Ma poco da aggiungere anche su un altro aspetto, su cui i punti di vista sono diversi (e non dovrebbero). Nella definizione complessiva della partita bisogna ricordare che la priorità va alla salute e all’ambiente. Valori non negoziabili né in alcun modo barattabili. Dal 2022, con la modifica degli articoli 9 (tutela dell’ambiente) e 41 (iniziativa economica e salute), sono scolpiti in forma oltremodo evidente nella Costituzione e rientrano a pieno titolo tra i principi fondamentali della Repubblica. Una modifica della Carta che evidentemente sfugge a quanti ancora richiamano la sentenza della Consulta, risalente al 2013, sul bilanciamento tra il diritto alla salute, la tutela ambientale e la salvaguardia dei livelli occupazionali operato dal primo decreto salva-Ilva (molti altri se ne sono susseguiti da allora ad oggi, con notevole dispendio di risorse pubbliche e impatto limitato, se non proprio nullo, sulla riconversione dell’impianto). Di certo non è sfuggito alla Corte d’Appello di Milano, che lo ha ricordato in vari passaggi, col sovrappiù del rimando alle norme perentorie in ambito europeo.

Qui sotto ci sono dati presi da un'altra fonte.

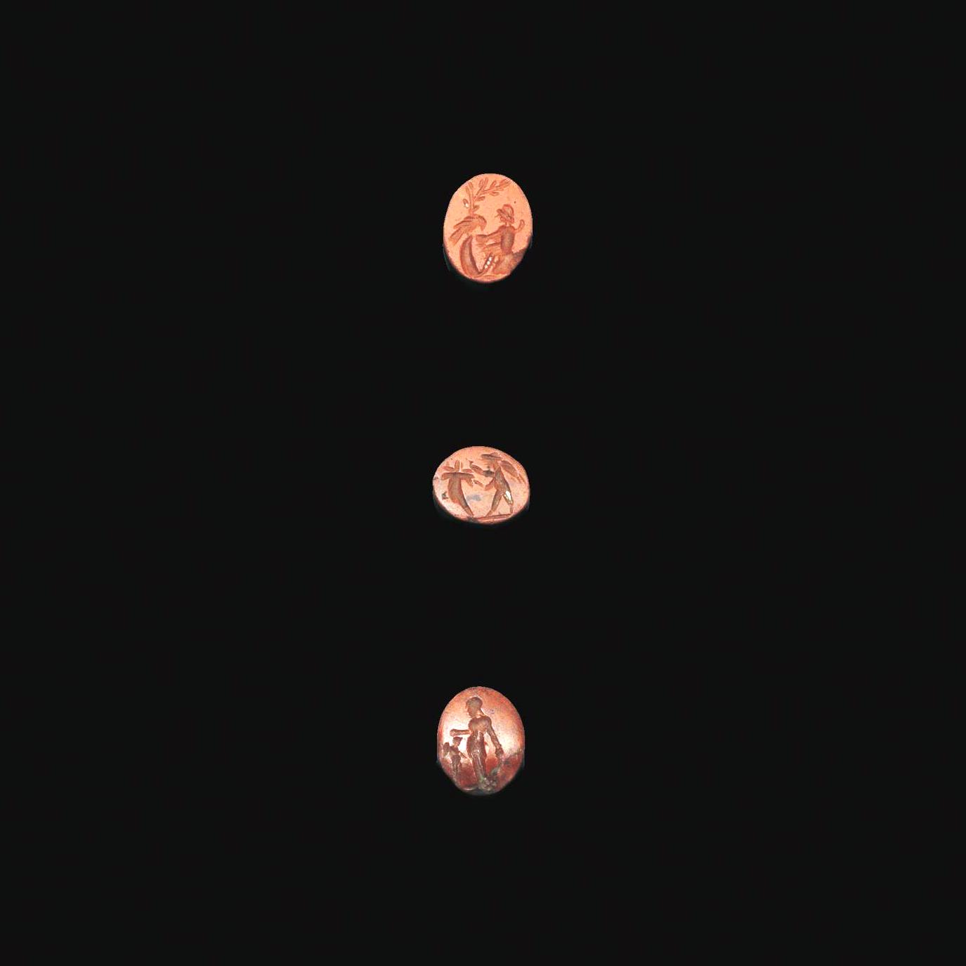 TRE GEMME INCISE Materia e tecnica: diaspro levigato ed inciso Tre castoni...

Dal 2012 – esplosione dell’inchiesta “Ambiente svenduto” – la magistratura requirente e giudicante, da Taranto a Milano, afferma che quella fabbrica inquina, molto, troppo, e da quattordici anni la politica, di qualsiasi colore, orientamento e composizione di governo, non trova una soluzione. La chiarezza dei numeri rende superflua qualsiasi altra considerazione, pur nell’evidente complessità del caso. E, per dirla tutta, lasciano perplessi i documenti riservati di Acciaierie, filtrati a ridosso dell’ordinanza della Corte d’appello, tesi a dimostrare come le polveri sottili di Taranto siano a un livello inferiore rispetto a quelle del tessuto urbano di Milano. Al di là di tutte le considerazioni di merito sui livelli accettabili di inquinamento, resta che la normativa dell’Unione europea richiamata nell’ordinanza sulla chiusura dell’area a caldo – direttiva 2010/75 – fa riferimento nel titolo solo alle emissioni provocate dalle attività industriali, non allo smog cittadino (disciplinato diversamente). Ma ora la parola va alla Corte di Cassazione, a sezioni unite, come detto. E sarà dirimente. Pur nella constatazione che la politica industriale del paese, nel vuoto di certezze riscontrato negli ultimi lustri, la fanno i giudici.

Partita aperta, dunque. Uno-due-ics. Una tripla che, nel rinvio ai principi vitali e sacrosanti sanciti in varie sedi, ricorda una delle più famose canzoni di Ligabue. “Vivo, morto o ics”. Per quanto possa sembrare un’iperbole, non lo è. Proprio no. Passare da Taranto per credere. Magari sfidando i fischi.